Beat Streuli: Important photographer for spectacular installations

Beat Streuli, born in Altdorf in 1957, attended art schools in Zurich and Basel and was then a guest student at the Hochschule der Künste in Berlin, where he spent most of the 1980s. His work was first exhibited at the Aargauer Kunsthaus in 1986. Studio scholarships at the Cité des Arts and the Fondation Cartier in Paris and at the Istituto Svizzero in Rome enabled him to spend longer periods in these two capitals. Numerous exhibitions in galleries and museums at home and abroad followed. In 2019, he published Fabric of Reality, one of his most comprehensive artist books to date. For Tatyana Franck, member of the Federal Design Commission until 2021, Beat Streuli is one of the leading representatives of street portrait art: "Although urban landscapes form the background of his paintings, people and not architectural or structural elements are the focus of his work." Beat Streuli lives and works in Wädenswil and Brussels.
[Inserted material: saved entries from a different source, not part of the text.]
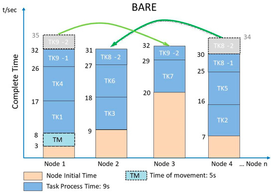 In this case, the difference in TP is solved because the last two tasks are evenly split into four subtasks in BARE. Then, an evaluation for the node with the least completion time, the subtask movement time, and the processing time is performed. After the evaluation, if a new node with the second portion of the subtask can complete the task faster than the original node, the second portion of the subtask is transferred to the new node. This evaluation is performed twice for the last two tasks. Note that the new evaluation time Ci,j includes (1 − SPm-z)TMi,j + (1 − SPm-z)TPi,j + Idleminnow.
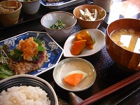 今日のおすすめ定食はマグロのハンバーグ
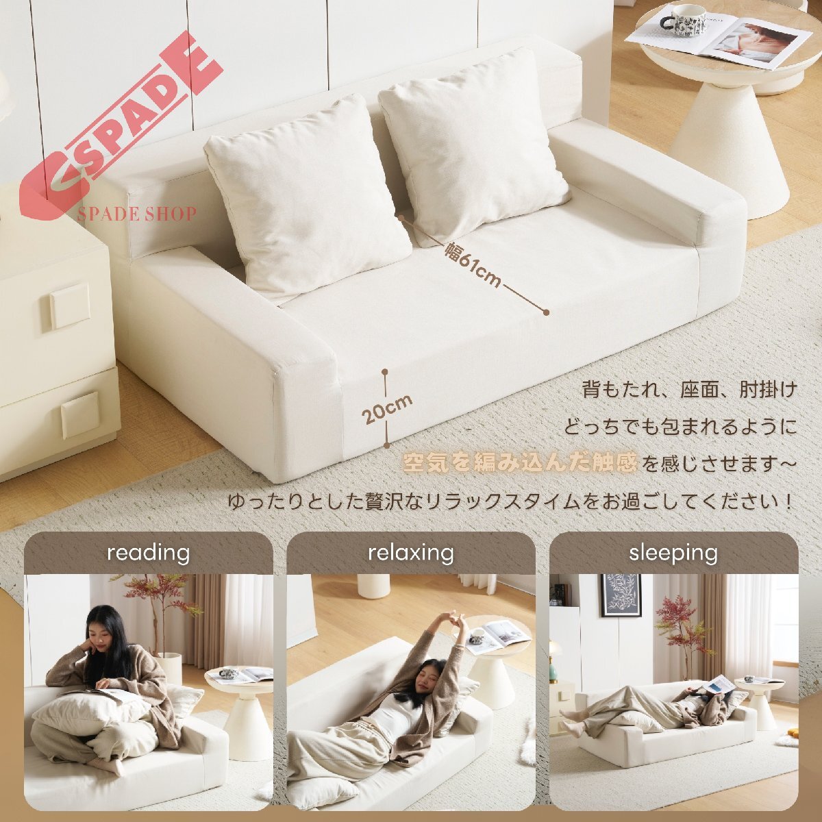 • 【ソファからベッドへの簡単変換】このソファは簡単にベッドにチェンジでき、急な来客時や休息時間に便利です。シンプルな操作で、リラックスした寝心地も提供します。二つのクッションはお昼寝の枕として使用でき、日常のリラックスやテレビ鑑賞にも腰に当てて使用できます。また読書の際の手元の高さの調整にもお使いいただけます。

Works on display at exhibition

The works of this year's award winners will be on display at the Swiss Design Awards exhibition, which will be held in parallel with Art Basel and Design Miami/ Basel. Admission to the exhibition is free. The exhibition, during which the Swiss Grand Prix Design 2022 will be presented on June 14, was largely designed by the winners of the Swiss Design Awards themselves. In addition, a comprehensive publication on the Swiss Grand Prix Design 2022 will be published by Scheidegger und Spiess to mark the occasion.